Во все времена оно и спасало мастера, его ремесло, требующее напряжения всех сил. С начала 60-х годов, еще до того, как Неизвестного десять лет спустя форменным образом взашей вытолкнули из страны, объявив отщепенцем и предателем, он сделал, точно подсчитано, 850 скульптур! Плюс по тем временам самый большой в мире рельеф для нового Института электроники в подмосковном Зеленограде. И еще целую галерею графических листов, одна только серия «Судьба» состояла из оттисков с четырехсот досок.

Из всего этого закуплено было министерством культуры…четыре скульптуры.

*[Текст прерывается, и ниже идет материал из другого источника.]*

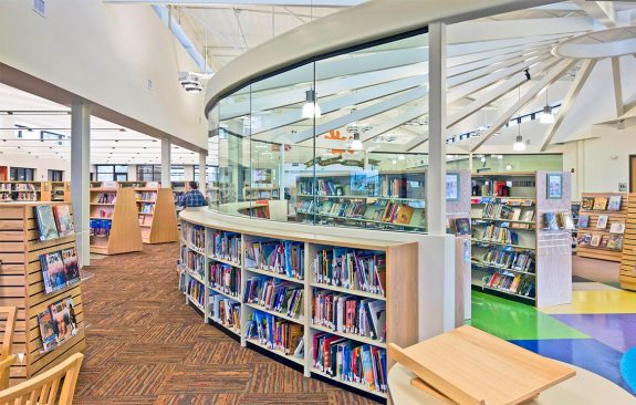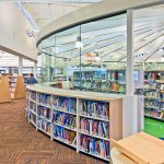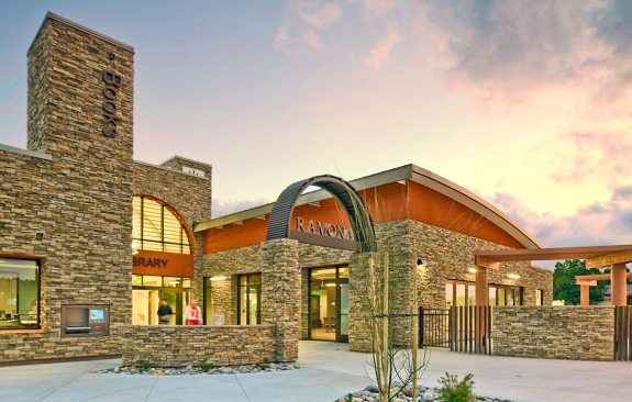 Strong, vertical design elements such as the clock tower, the fireplace chimneys and the book drop tower recall Tuscan hill towns while adding visual emphasis to Ramona’s history. Two prominent, publicly accessible plazas connected to a grand “historical” lobby clad in ochre colored stone and crowned by an oversized arched window form the core of the library and set the stage for a wonderful discovery-filled venue.

До самой эмиграции мастер зарабатывал на жизнь «помогальцем» у коллег, имевших госзаказы.

Жил, сполна оправдывая строки своего друга и кузена Александра Межирова, старейшины «поэзии лейтенантов», в войну тоже десантника, а в эмиграции, как и Эрнст, новосела города Нью-Йорка: «А на Сретенке, в клетушке, // В полутемной мастерской, // Где на каменной подушке // Спит Владимир Луговской, // Знаменитый скульптор Эрнст // Неизвестный глину месит, // Весь в поту, не спит, не ест, // Руководство МОСХа бесит, // Не дает скучать Москве, // Не дает засохнуть глине…».


Все чаще бывая на Родине, он не давал скучать столице и в неписаном статусе «гражданина мира». Вольный философ, в молодости серьезно изучавший науку философию у нас в МГУ, и в свои хорошо за семьдесят любил этот человек парадоксы на грани фола и в мыслях, и в поступках.

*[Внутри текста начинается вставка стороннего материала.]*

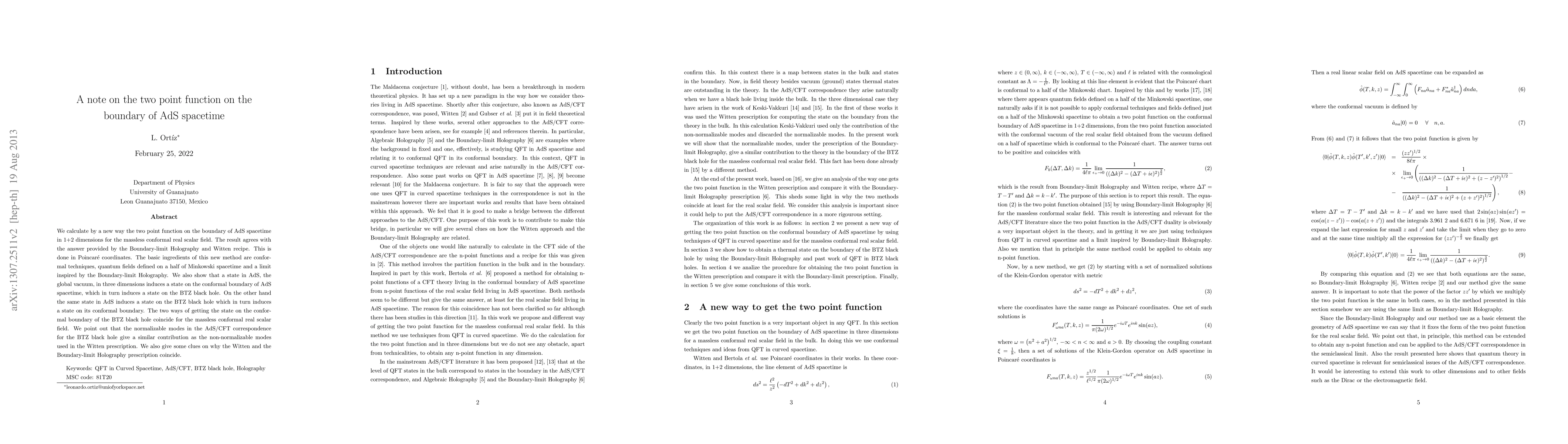 This paper presents a novel method to calculate the two-point function on the boundary of AdS spacetime in 1+2 dimensions for a massless conformal real scalar field, using conformal techniques and quantum fields defined on Minkowski spacetime. The results align with existing Boundary-limit Holography and Witten prescriptions, and it explores the relationship between states in AdS and the BTZ black hole, showing their equivalence.

Те, кто захотел, наверняка давно узнали о том подробней – книги, его авторские, и литература о нем, это же теперь целая библиотека. Впрочем, люди, знавшие его лучше других, и сегодня продолжают всерьез утверждать, что «таким, каким он был на самом деле, его не знает никто».

С таким реноме ничуть не расходилась столь живая реакция мастера на предложение ярославцев заняться памятником «зеленому змию», небезобидный нрав которого, что сомневаться, известен был художнику не понаслышке.

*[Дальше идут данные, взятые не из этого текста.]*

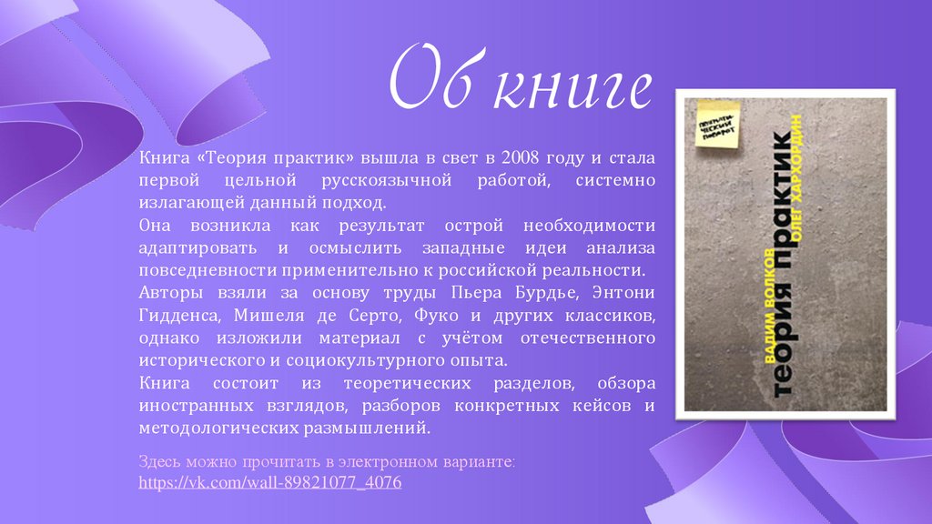Об книгеКнига «Теория практик» вышла в свет в 2008 году и стала

Создатель скорбного мемориала жертвам сталинизма в Магадане, в середине 90-х удостоенного Государственной премии России, судя по всему, вовсе не собирался откладывать в долгий ящик и угличский замысел. Срочно улетая из Москвы в Соединенные Штаты, он сказал тогда, что хотел бы посмотреть древний Углич, «Библиотеку русской водки» и выбрать место для будущей композиции.


Краткий визит, как об этом писала пресса, крупнейшего скульптора современности на Верхнюю Волгу состоялся. Но в Ярославле в губернаторской команде прошли кадровые перемены, и нашумевший проект по независимым от самого художника причинам так и остался неосуществленным. Зато уж, по себе знаю, пишущие о культуре здесь, в Ярославле, присмотрелись тогда к его личности и судьбе по новому кругу.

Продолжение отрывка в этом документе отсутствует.